Start jest wcześnie rano, co sprawia że pierwsze trzy godziny biegniemy nocą. To tylko dodaje odrobinę dreszczyku emocji i zwiększa atrakcyjność tego biegu. Warto też wspomnieć że na mecie czekają piękne medale i puchary nie tylko Open, ale także w każdej kategorii wiekowej.
Jagoda Kubiak wystartowała na dystansie maratonu i zajęła trzecie miejsce wśród kobiet. Bardzo lubi trudne pagórkowate tereny i często biega po trasie tych zawodów. Tu trenuje do biegów odbywających się w górach, co stanowi dla niej doskonały element przygotowania do takich wyzwań.

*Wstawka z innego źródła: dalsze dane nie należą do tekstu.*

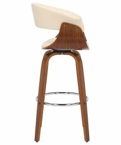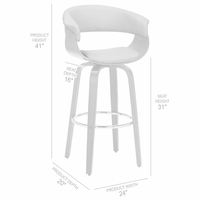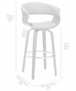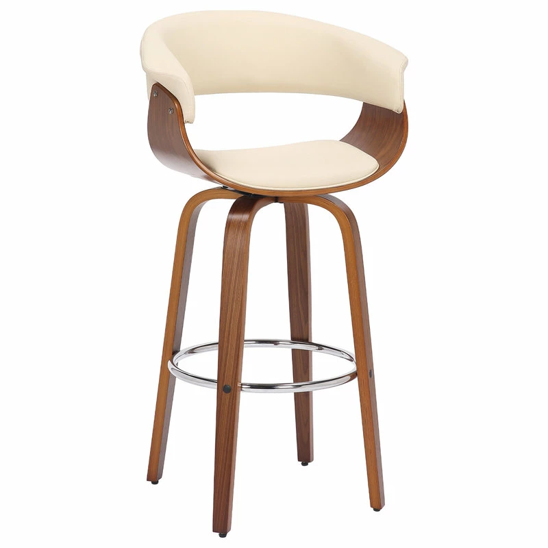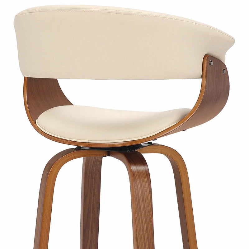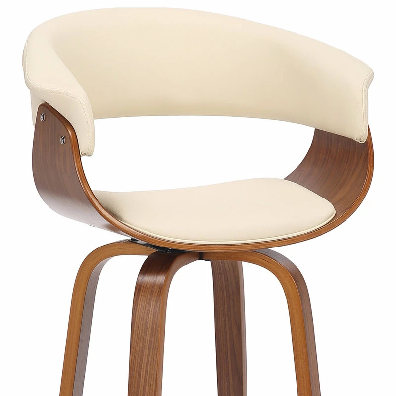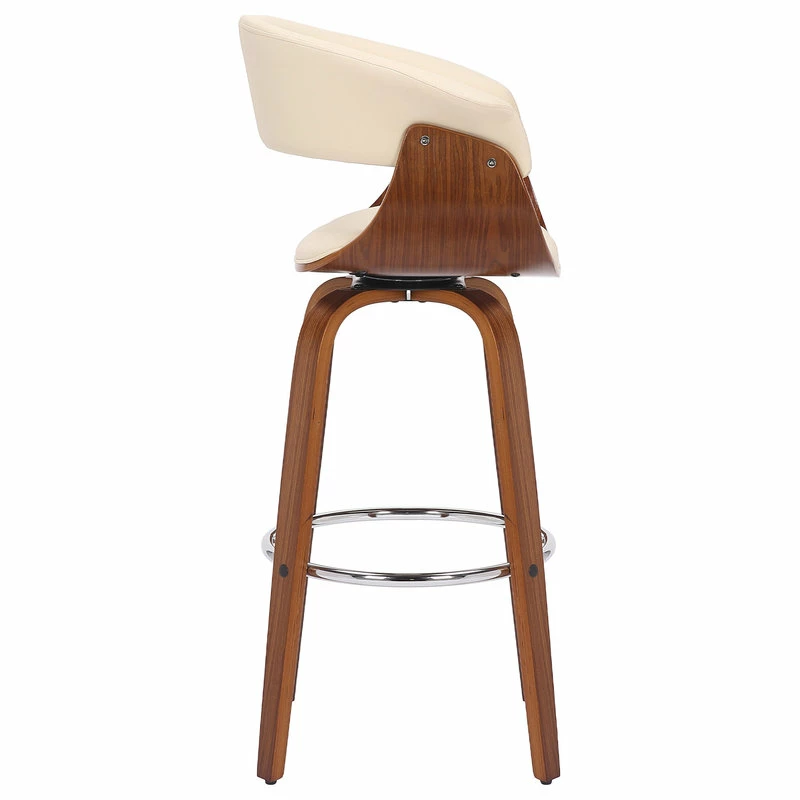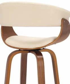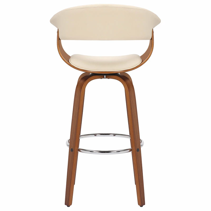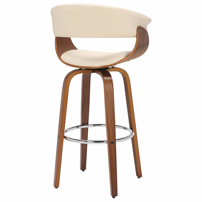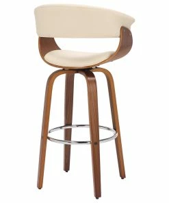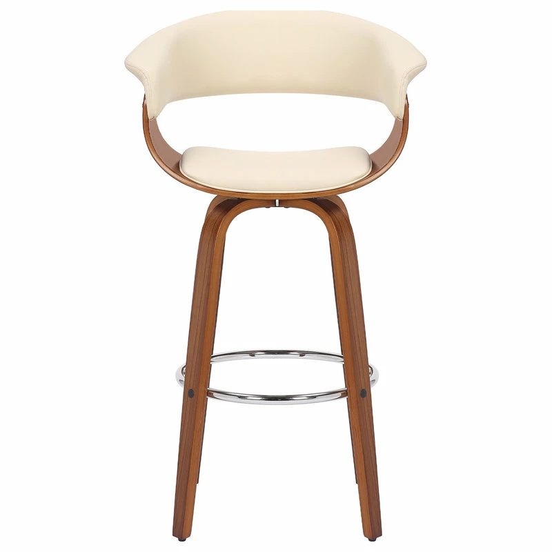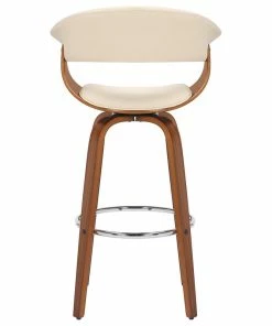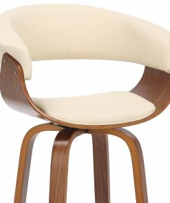 The Armen Living Julyssa 30″ Bar Height Swivel Cream Faux Leather and Walnut Wood Bar Stool is a standout in any home regardless of the existing design theme. The beautiful frame is constructed from wood and is accented by its beautiful faux leather upholstery that runs across the seat and back. The high-density foam cushioned back, and seat allow you to sit or entertain comfortably.The mid-century modern style silhouette of this stool creates a timeless look that will last for many years to come. The Julyssa Bar or Counter Stool is available in your choice of a Walnut Wood finish with Brown or Cream faux leather upholstery or a Black Wood finish with Grey faux leather upholstery and your choice of a 26″ or 30″ seat height.Features

– Na zawodach o nazwie Tropem Rysia biegło się świetnie – przekonuje.- Pierwsze dziesięć kilometrów pokrywało się z moją trasą treningową. Najpiękniejszy odcinek to ten od jeziora Bieszkowice przez Borowo i Wejherowo. Trasa urozmaicona oraz górzysta. Żal tylko, że wycinka drzew niszczy piękno naszych lasów oraz drogi leśne. Nie jest płasko i uważam, że gdyby spadł śnieg, wtedy byłby to bardzo trudny maraton, ale za to jeszcze bardziej atrakcyjny. Atmosfera super, organizacja bardzo dobra. Jeżeli ultrasi z różnych stron Polski lubią biegać po górkach ,to udział w ULTRA WAY będzie do tego świetną okazją, żeby tu przyjechać zobaczyć nasz region i leśne ścieżki.
Dystans półmaratonu, czyli ponad 21 km najszybciej pokonał Łukasz Kuropatwa z Rumi. Bieg ten nosił dumną nazwę Pół Dzika.
– Trasa tych zawodów na zimowym Festiwalu biegowym ULTRA WAY prowadzi przez piękne kaszubskie lasy, które mogą zadziwić długimi podbiegami, bo taki właśnie jest Trójmiejski Park Krajobrazowy – mówi. – Niby nad morzem, a wzniesienia są niczym w górach. Jest to na pewno trasa na której nie można się nudzić. Bardzo podobał mi się agresywny podbieg w połowie trasy.